# Расскажите про app-admin/webapp-config

## ZmiyGorinich

Расскажи те что такое app-admin/webapp-config и как им пользоваться.

Если разница буду я ставить себе например egroupware через emerge или ручками поставлю?

Папки для сайтов у меня в /webserver/data

Заранее спасибо

----------

## Laitr Keiows

 *ZmiyGorinich wrote:*   

> Расскажи те что такое app-admin/webapp-config и как им пользоваться.
> 
> Если разница буду я ставить себе например egroupware через emerge или ручками поставлю?
> 
> Папки для сайтов у меня в /webserver/data
> ...

 

1) Конфиги остаются.

2) Легко обновить установку

Все это верно если вы не модифицировали установленное преложение на месте установки.

----------

## Balancer

>Расскажи те что такое app-admin/webapp-config

Это одна из самых больших вкусностей Gentoo в области web-хостинга  :Smile: 

>и как им пользоваться.

1. Включаем euse -E vhosts

2. Мержим интересные нам пакеты.

2.1. Наблюдаем их в /usr/share/webapp

3. Ставим пакеты на манер: webapp-config -I -h balancer.ru -d coppermine coppermine 1.4.2

Когда пакет обновляется в world, обновляем его сразу на всех хостингах по записям, типа:

4. webapp-config -U -h balancer.ru -d coppermine coppermine 1.4.3

Потом можно сделать emerge -C для старой версии пакета.

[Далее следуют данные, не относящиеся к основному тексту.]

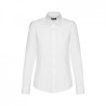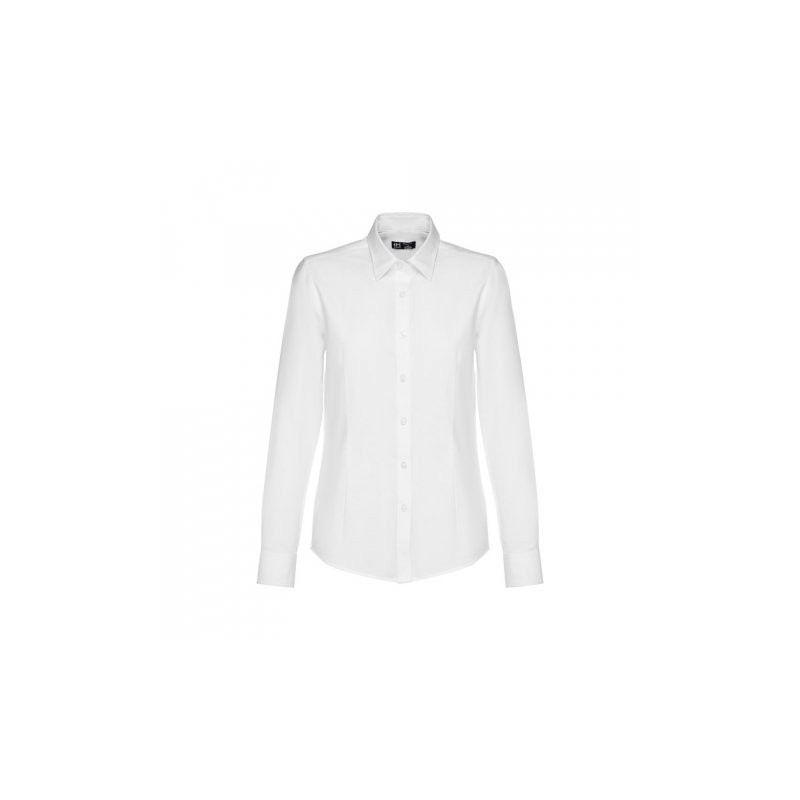 Camisa oxford de manga larga para mujer compuesta por 70% algodón y 30% poliéster (130 g/m²). La manga incluye 1 pliegue y puños ajustables con 2 botones. Es entallada, con 2 pinzas en la parte delantera y trasera y la tapeta contiene 7 botones color perla.
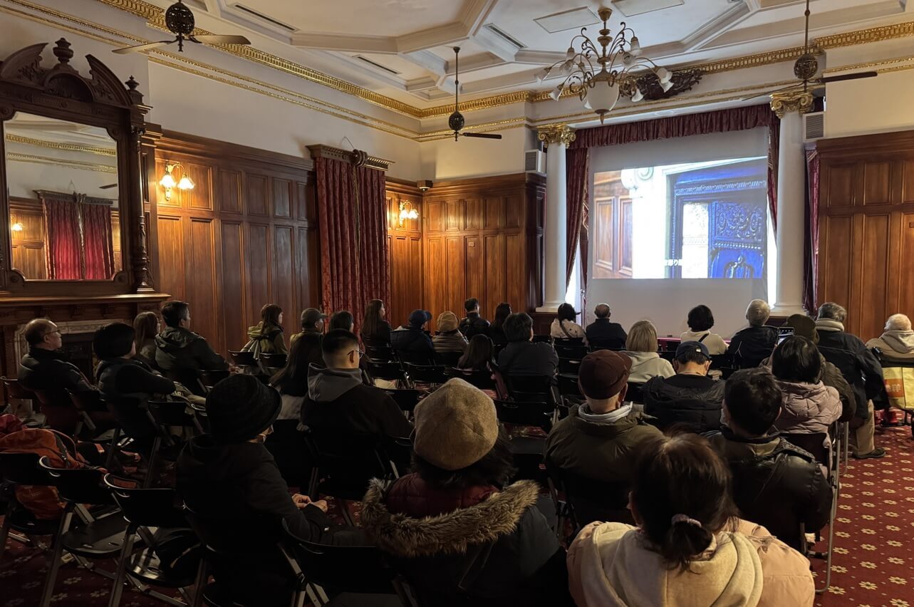 ↓導覽老師帶大家到影片播放室,這間是台北賓館的官方宴客室,許多酒會、國宴都在這裡舉辦。
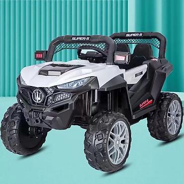 Детский электрический багги Super-S с двумя посадочными местами и открытым верхом. Модель оснащена большими колёсами с выраженным протектором, обеспечивающими хорошее сцепление с поверхностью. Прочный каркас и детализированный дизайн с имитацией фар и решетки радиатора делают его схожим с настоящим внедорожником. Подходит для детей, обеспечивая увлекательное и безопасное вождение.
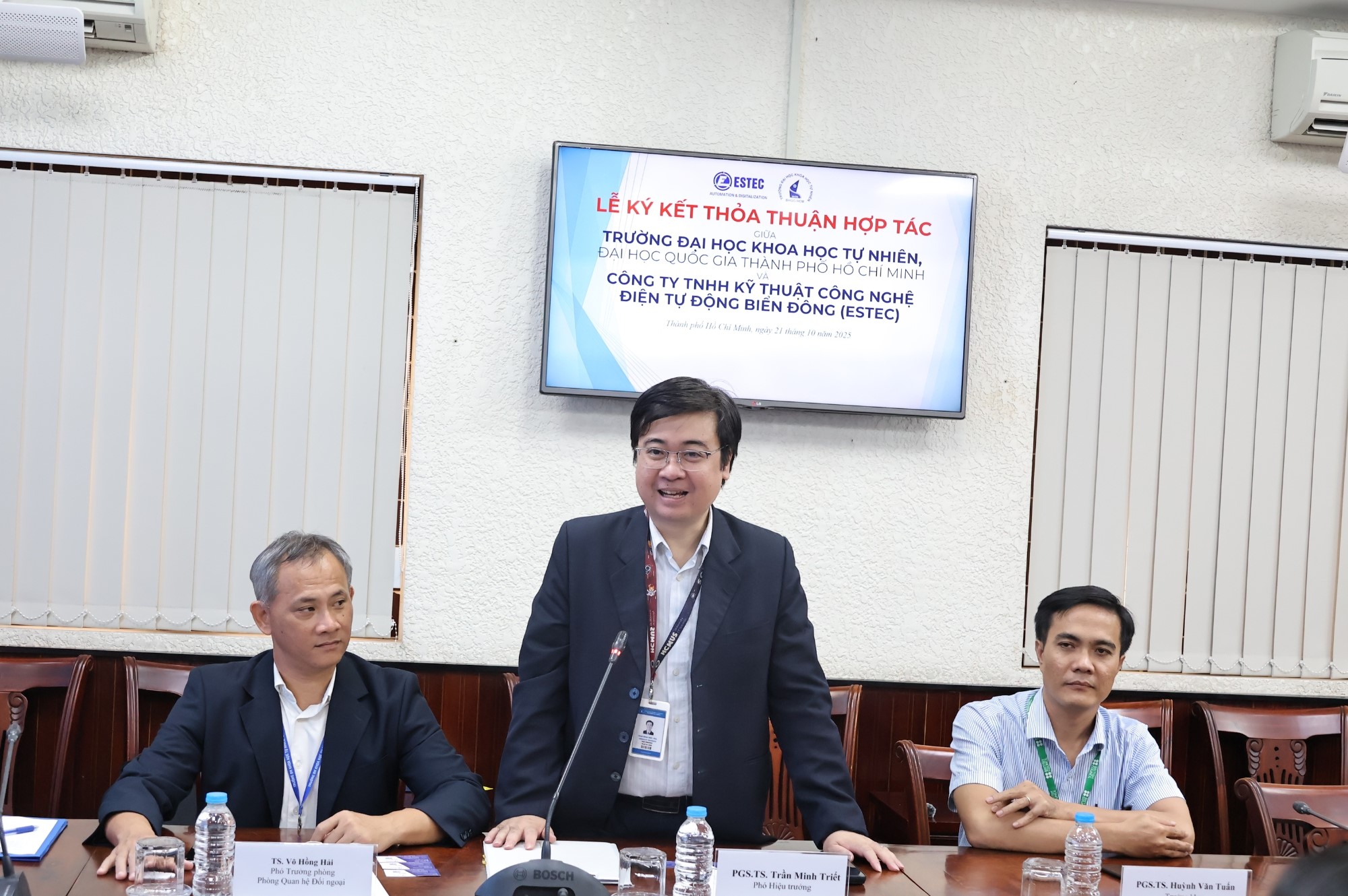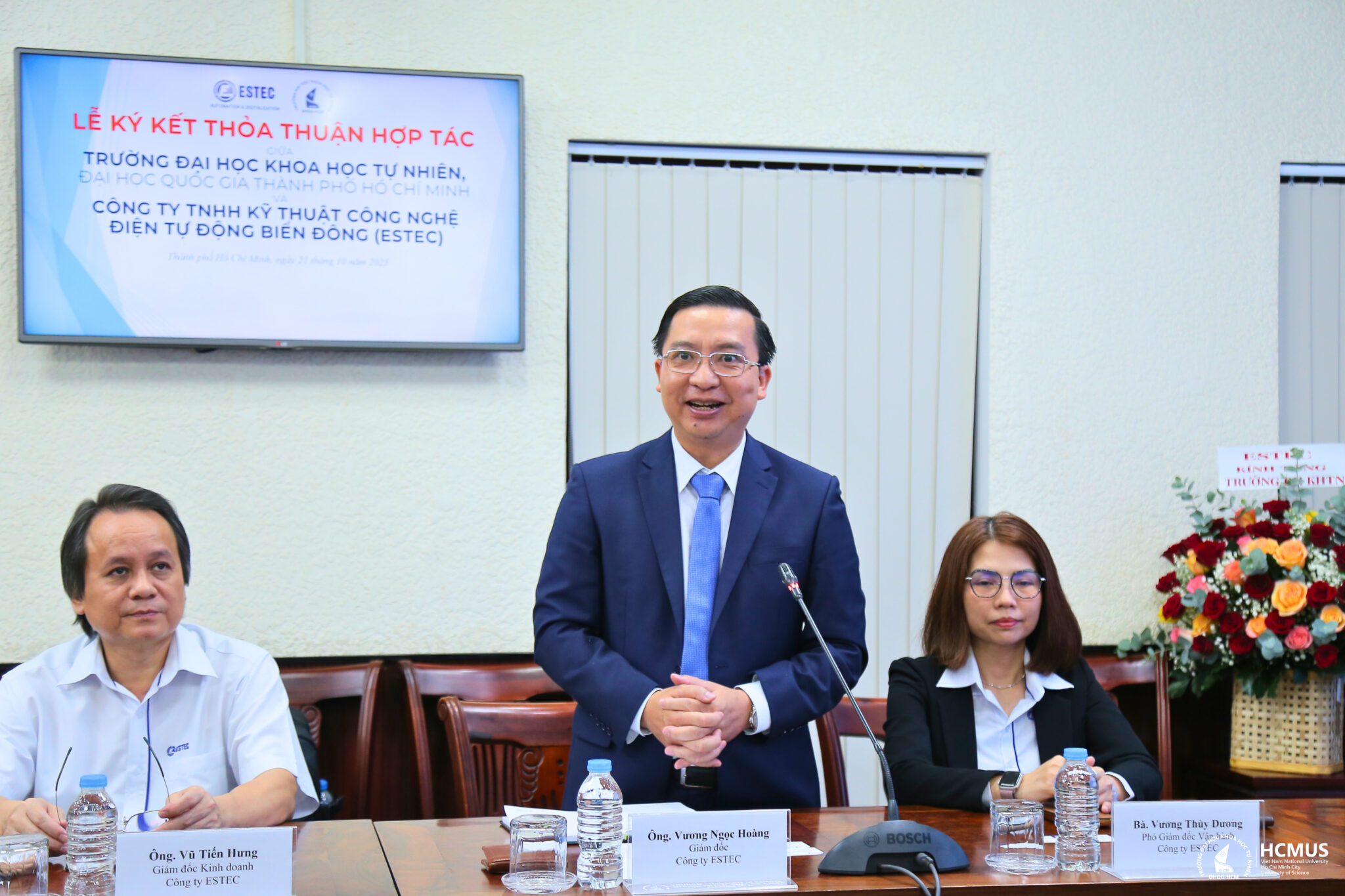 Sáng ngày 21/10, tại cơ sở Nguyễn Văn Cừ, Trường Đại học Khoa học tự nhiên, ĐHQG-HCM, Công ty TNHH Kỹ thuật Công nghệ Điện Tự động Biển Đông (ESTEC) và Nhà trường đã ký kết Thỏa thuận Hợp tác.

Я обычно просто в соответствующий каталог в /usr/share/webapp кидаю файлик, в котором переписаны все обновления всех установленных экземпляров пакетов, требующий дописать в качестве параметра только версию нового пакета.

>Если разница буду я ставить себе например egroupware через emerge или ручками поставлю?

Ручками - потом обновлять будет сложнее. Ибо тоже придётся делать ручками. Самому разруливая все конфликты.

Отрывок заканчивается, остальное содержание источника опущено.